Ok what I want, I will use something like Room EQ to measure up my room, I will use an software Player like VLC to play my HD movies (.mkv).

Is it possible that i can equalize my spdif signal before ist goes out to my Av-Receiver?
Its the only output I have on my Notebook for digital sound.
Can I use a correction file for vlc or is there an good EQ Filter what can equalize from 20Hz up the spdif signal?

I dont want to use an Hardware Solution, because its expensive and it must be possible to use a software for that.(Maybe)

Thank you for your help.

olli


----------



## Wayne A. Pflughaupt (Apr 13, 2006)

Welcome to the Forum, Masterolli!




> I will use an software Player like VLC to play my HD movies (.mkv).
> 
> Is it possible that i can equalize my spdif signal before ist goes out to my Av-Receiver?

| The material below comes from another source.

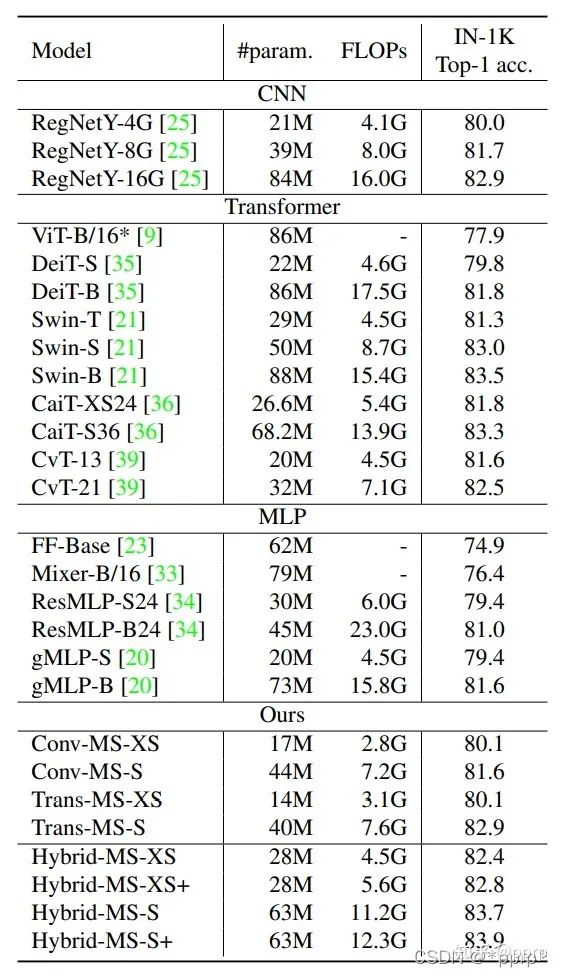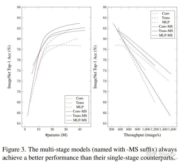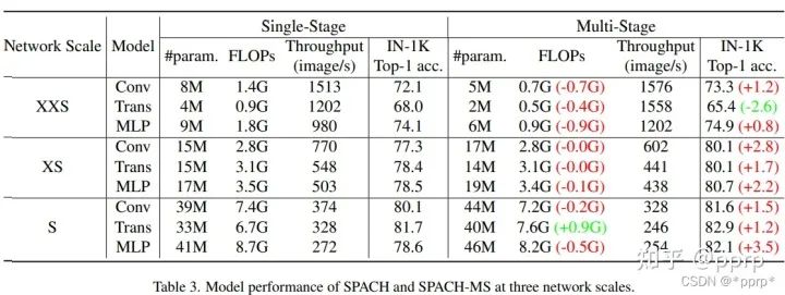 可以发现,有一个例外,在xxs尺度下,Transformer进度损失了2.6个百分点,因为多阶段模型恰好只有单阶段模型一半的参数量和Flops。

Most likely any software-based EQ will have to be generated by your software player, or your soundcard’s software. You might google “software equalizer” or “software parametric equalizer” and see if you can come up with some other solutions.

Regards,
Wayne


----------



## Masterolli (Sep 28, 2010)

hi,
i Know that vlc player has an eq but it takes no effect on my DTS Stream that goes through spdif.
I think ist not so easy...
I have read something about that, spdif has limited bandwith and thats not so easy to add information to the stream.
The Stream is compressd an it must be uncompressed, then add EQ information and then compress it once again an all this on the fly.
I havent found a walkthrough or something like that,how i want to set it up...
That are only pieces of information that i have found, maybe someone could explain it to me for better understanding.

olli


----------



## Wayne A. Pflughaupt (Apr 13, 2006)

This corner of the Shack focuses on the REW program, so it isn’t the best place to learn about the technical ins and outs of SPDIF. I’d suggest asking about that on one of our other Forums.

Regards,
Wayne


----------